From the start we can see that there are a few outliers that exist, I am going to leave them in here for right now.

The main chart I want to bring attention to is the “Calories” one because there appears to be a bi-modal distribution. The data point at 0 must be an outlier since it should be impossible to burn 0 calories in a day.

Regardless, bi-modal distributions are great for identifying different groups within the data. This is the first great find in our analysis to hopefully segment the data a little. I do want to mention that the data set may still be too small to really tell if a real bi-modal relationship exists but we will work with it for now.

Next, we will want to see if there are any inherent relationships among the data after we separate the data into two groups. We will use the cor() function. If we look back at the Calories histogram we saw two peaks.

Peak 1: 2000 or so calories

Peak 2: 2750 or so calories

2000 + 2750 = 4750

4750 / 2 = 2375 calorie divider

So we can create two data frames now using 2,375 calories as the divider…

# Group 1 (lower average calories)
## Let's use this opportunity to prune out some outliers, there are some users
## that entered in '0' calories.
group_1_low <- filter(daily_activity, Calories > 0 & Calories <= 2375)

# Group 2 (higher average calories)
group_2_high <- filter(daily_activity, Calories > 2375)


# Set up the data frame without any dates or other classifying info

#### group_1_low
cor_group_1 <- group_1_low %>% 
  subset( , select = -c(id, ActivityDate))

#### group_2_high
cor_group_2 <- group_2_high %>% 
  subset( , select = -c(id, ActivityDate))


# Install needed package to format the data
install.packages("reshape2")

## package 'reshape2' successfully unpacked and MD5 sums checked
## 
## The downloaded binary packages are in
##  C:\Users\Phoenix\AppData\Local\Temp\Rtmpg9lVCY\downloaded_packages

library(reshape2)

# Reshape the data with upper.tri() and melt()
# Including the "<-NA allows us to slice the matrix in half

#### group_1_low
matrix_group_1 <- round(cor(cor_group_1), digits = 2)
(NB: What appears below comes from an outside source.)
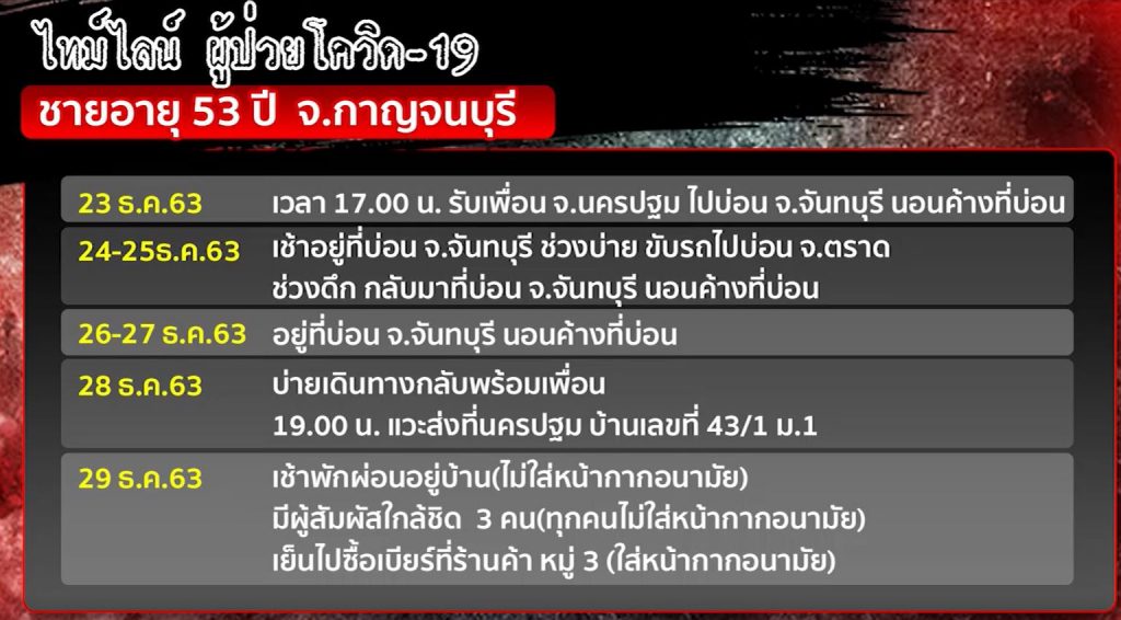 กาญจนบุรี 3 ม.ค. – เปิดไทม์ไลน์ชายวัย 53 ปี ชาว อ.พนมทวน พบเป็นนักพนันเดินสายเข้าบ่อน 2 จังหวัด จันทบุรี-ตราด พร้อมเพื่อนชาวนครปฐม จนติดโควิด-19 ทั้งคู่

matrix_group_1[upper.tri(matrix_group_1)]<-NA

#data.frame(matrix_group_1)

#### group_2_high
matrix_group_2 <- round(cor(cor_group_2), digits = 2)

matrix_group_2[upper.tri(matrix_group_2)]<-NA

#data.frame(matrix_group_2)

# Use the installed package to 'melt' it. This created a long view with new 
# column names such as Var1 and Var2.

#### group_1_low
melt_group_1 <- melt(matrix_group_1, na.rm = TRUE)

#### group_2_high
melt_group_2 <- melt(matrix_group_2, na.rm = TRUE)


# Now that the data has been reshaped, we can plot it

#### group_1_low
ggplot(data = melt_group_1)+
  geom_tile(mapping = aes(x = Var1, y = Var2, fill = value), color = "white")+
  scale_fill_gradient2(low = "red", mid = "white", high = "blue",
                       midpoint = 0, limit = c(-1,1), space = "Lab",
                       name = "Correlation (Pearson/Default")+
  theme_classic()+
  theme(axis.text.x = element_text(angle = 90, vjust = 0, hjust = 0))+
  labs(title = "Group 1: Low Calorie Burners")+
  annotate("rect", xmin = 4, xmax = 12,
                   ymin = .5, ymax = 4, 
                   alpha = .1, color = "green")+
  annotate("rect", xmin = 11.4, xmax = 12.6,
                   ymin = .5, ymax = 14,
                   alpha = .1, color = "green")

#### group_2_high
ggplot(data = melt_group_2)+
  geom_tile(mapping = aes(x = Var1, y = Var2, fill = value), color = "white")+
  scale_fill_gradient2(low = "red", mid = "white", high = "blue",
                       midpoint = 0, limit = c(-1,1), space = "Lab",
                       name = "Correlation (Pearson/Default")+
  theme_classic()+
  theme(axis.text.x = element_text(angle = 90, vjust = 0, hjust = 0))+
  labs(title = "Group 2: High Calorie Burners")+
  annotate("rect", xmin = 4, xmax = 12,
                   ymin = .5, ymax = 4, 
                   alpha = .1, color = "green")+
  annotate("rect", xmin = 11.4, xmax = 12.6,
                   ymin = .5, ymax = 14,
                   alpha = .1, color = "green")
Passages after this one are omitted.